A dress code and related working conditions contributed to my decision to not accept an apprenticeship as a draftsman with an architectural firm when I was age 21 – 40 years ago. The draftsmen were required to wear suits and ties. I’ve never been a suit and tie kind of guy. Also, no soft drinks and junk food anywhere near the work stations, as well as no music allowed. For me to be engaged in art – drawing – I’d have to have the right music on in the background, soft drinks and junk food within reach, and dressed casual for comfort.

So I chose another profession for apprenticeship, on-the-job-training, hands-on experience, earn while I learn. I worked in electronics repair for 10 years. My first full time profession. Eventually I ran night and weekend service calls mainly at bars and nightclubs to repair juke boxes, pinball games and video games. My professional life ended up meshing perfectly with my social life. When visiting those same places on my own time in normal casual clothing the female customers at those places would not give me the time of day – or night. When there in uniform and on a service call women would approach me and ask me out. Or usually inviting me to come home with them for dinner because I was so skinny back then they were concerned for my health and wanted to put more meat on my bones. So that’s the way it went with plenty of hamburger helper meals. Why me? Why not other men in better condition? The uniform. One woman explained it to me when I once inquired. “Your uniform has your name tag on it so you can’t lie about your name like most men here do. Your uniform has the name of the company you work for so you can’t lie about your profession and where you work like most men here do, and we’ll know where to find you. Your uniform is proof you have a job, income, and here we can see you doing your job – electronics repair – so we know you are not a dumbass.”

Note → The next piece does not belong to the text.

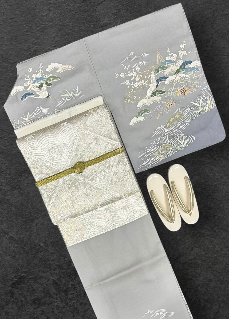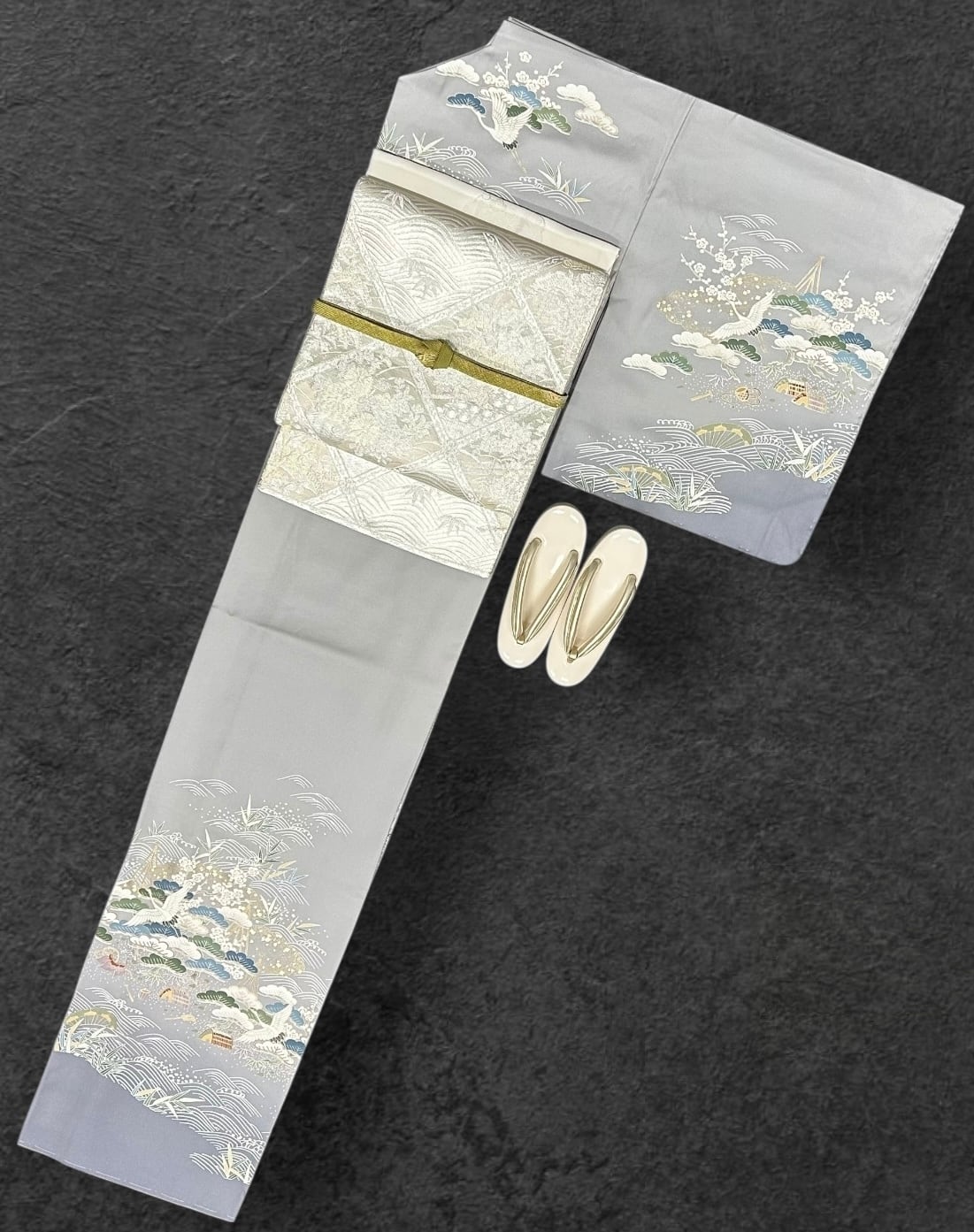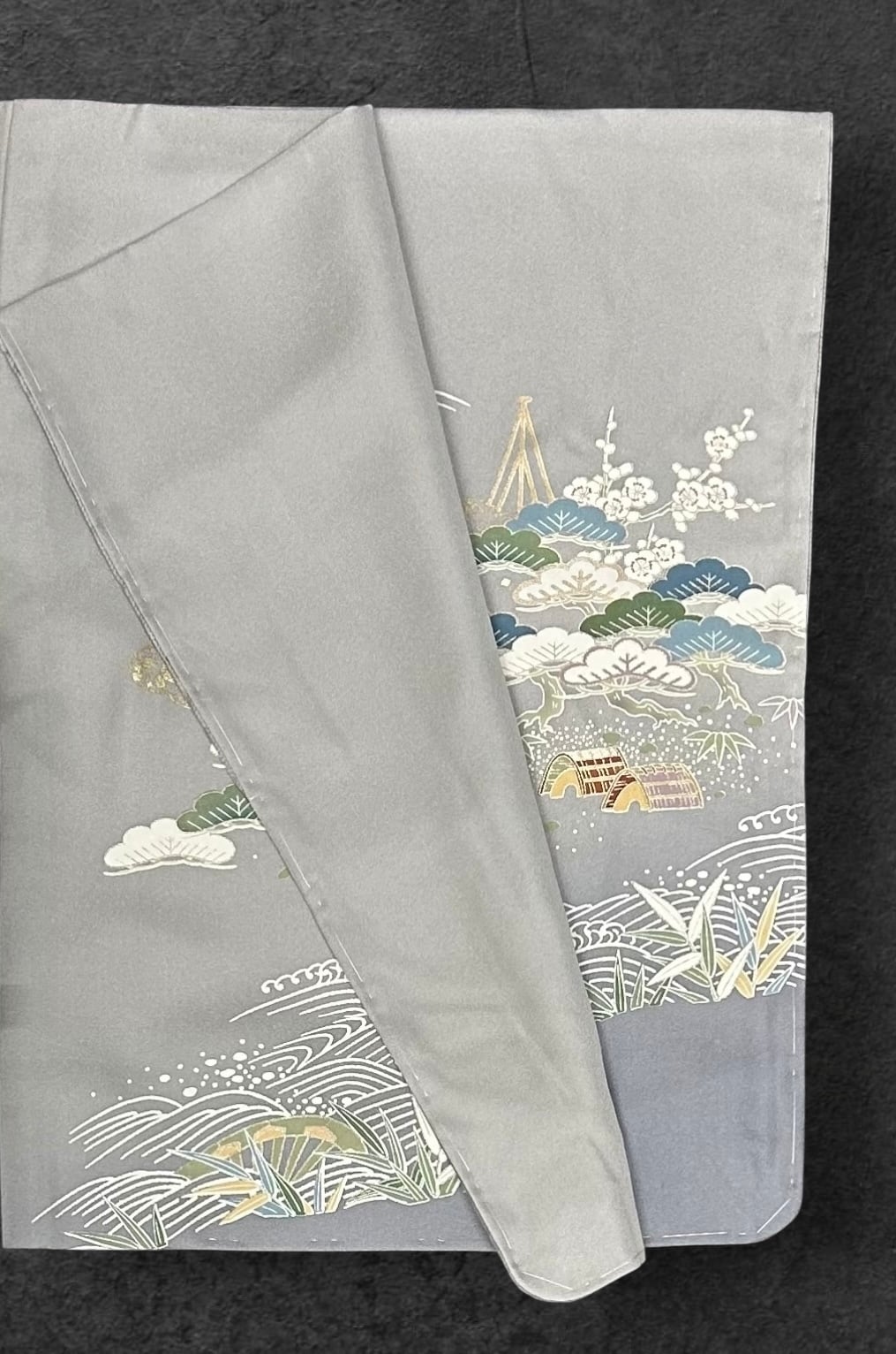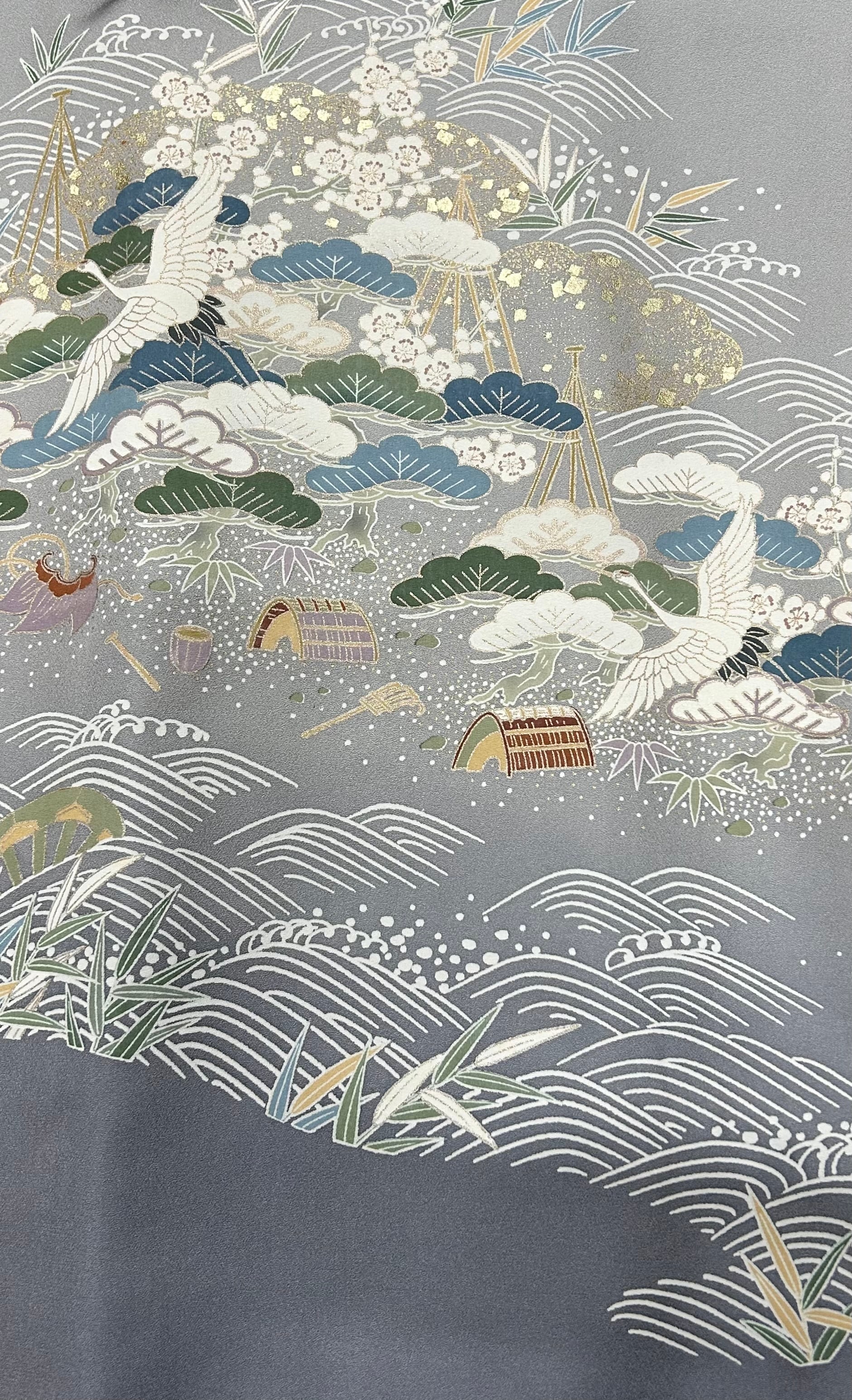 訪問着 薄鈍色~灰色の地 鶴 波 松竹梅などの吉祥文様 しつけ糸つき 裄丈69 ㎝ K5774
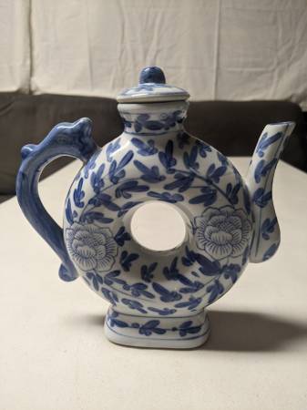 Hi. I'm selling my vintage Porcelain Blue & White Asian Doughnut Shaped Teapot. In like new condition. No damage or chips anywhere. Looks amazing and can be a statement piece in your kitchen or dining table. This stylish teapot is hand-painted and has a floral flower theme. Dimensions: 7.25" x 7" x 2.25". One of a kind. Selling this beauty now for $40. Cash only

Also, most businesses – such as stores – have dress codes. “No shirt, no shoes, no service” reads the posted signs. Those dress codes are mainly for health reasons. The bottom line is you can get kicked out of a store same as being kicked out of a country for not dressing appropriately.

Even nudists at a nude beach have a kind of dress code. Or lack of. Yeah, funny.

Want to dress a certain way? Then go to where others dress that way.

“When in Rome, do as the Romans.” Meaning, when visiting a foreign land, follow the customs of those who live in it. At dinner one evening here in the U.S.A.with my brother-in-law visiting from England, he noticed I was handling the knife and fork the way the British do instead of the way Americans do. He inquired. I explained by modifying the old “When in Rome” saying. I said, “When in good company” (meaning him as my guest), “do as the good company does.” I added a discovered truth. “Your way is more practical anyway.” That got me some respect for respecting the ways of guests within my own country. I did not have to give up my own identity to be reasonable. There usually is a right place and time for most things. Make foreigners feel welcome. It’s the diplomatic thing to do. It could result in experiencing the best of both worlds.